----- Supplied material
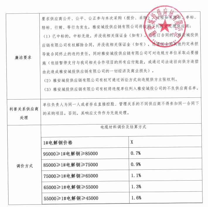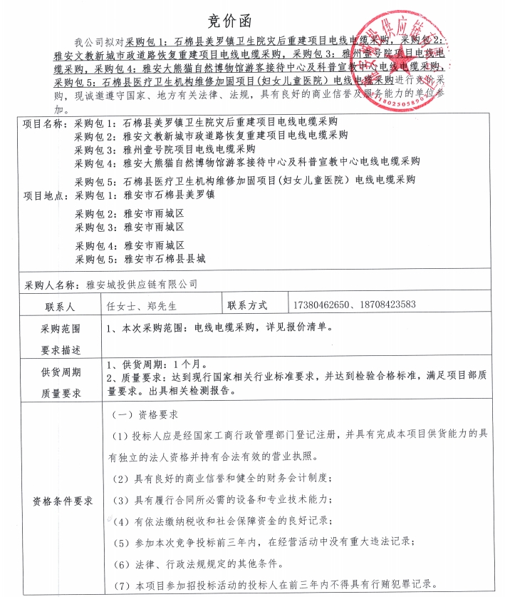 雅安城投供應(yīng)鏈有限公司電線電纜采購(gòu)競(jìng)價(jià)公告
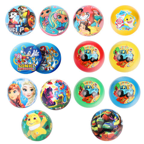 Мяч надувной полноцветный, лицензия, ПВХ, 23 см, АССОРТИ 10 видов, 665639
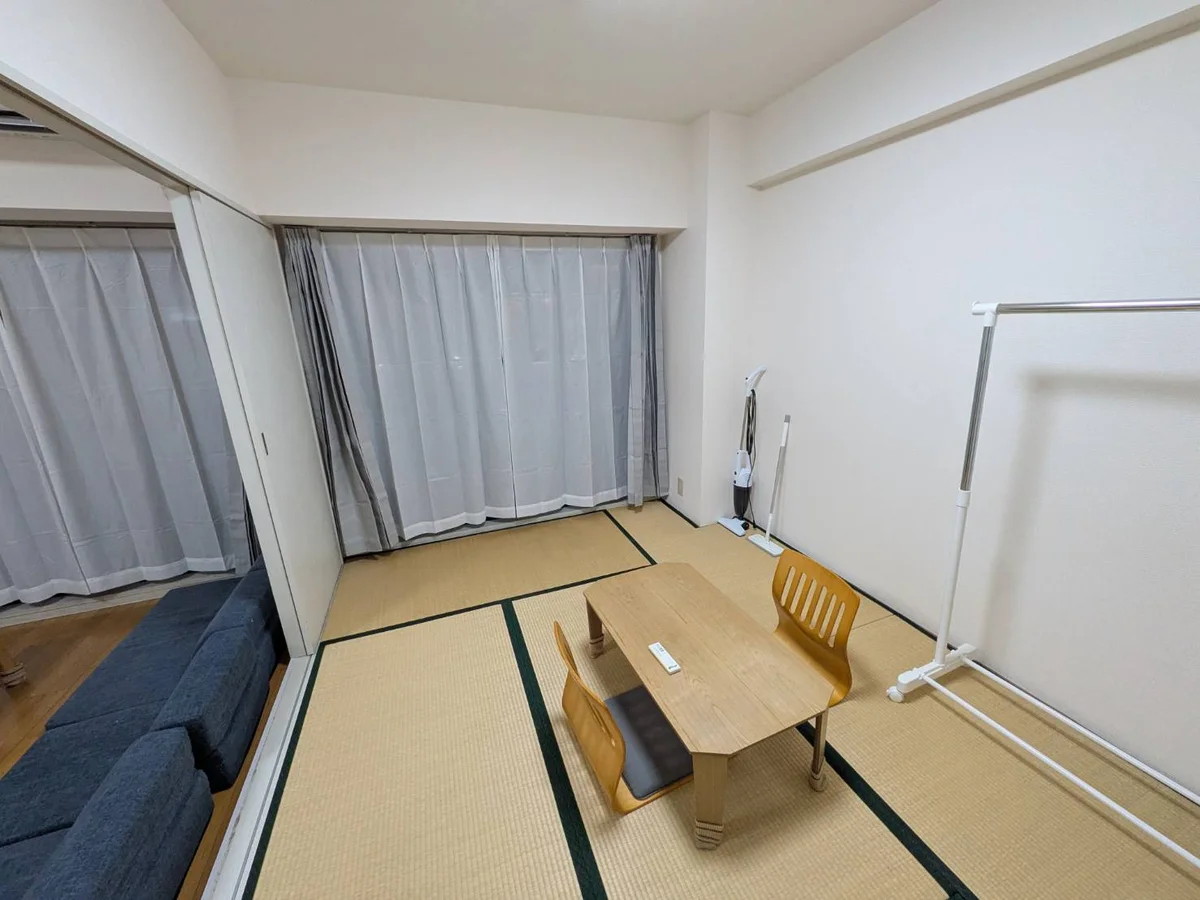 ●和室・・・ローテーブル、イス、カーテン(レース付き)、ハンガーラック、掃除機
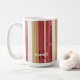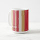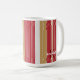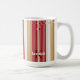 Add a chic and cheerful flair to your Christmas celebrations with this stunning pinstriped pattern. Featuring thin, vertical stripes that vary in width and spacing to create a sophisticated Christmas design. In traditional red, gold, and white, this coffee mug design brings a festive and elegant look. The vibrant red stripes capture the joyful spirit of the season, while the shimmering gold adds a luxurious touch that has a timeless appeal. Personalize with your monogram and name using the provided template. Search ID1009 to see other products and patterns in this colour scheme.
----------
#### [Activity]
Copy out the material word for word, without any images.

#### [Written answer]
 雅安城投供應(yīng)鏈有限公司電線電纜采購(gòu)競(jìng)價(jià)公告
 Мяч надувной полноцветный, лицензия, ПВХ, 23 см, АССОРТИ 10 видов, 665639
 ●和室・・・ローテーブル、イス、カーテン(レース付き)、ハンガーラック、掃除機
 Add a chic and cheerful flair to your Christmas celebrations with this stunning pinstriped pattern. Featuring thin, vertical stripes that vary in width and spacing to create a sophisticated Christmas design. In traditional red, gold, and white, this coffee mug design brings a festive and elegant look. The vibrant red stripes capture the joyful spirit of the season, while the shimmering gold adds a luxurious touch that has a timeless appeal. Personalize with your monogram and name using the provided template. Search ID1009 to see other products and patterns in this colour scheme.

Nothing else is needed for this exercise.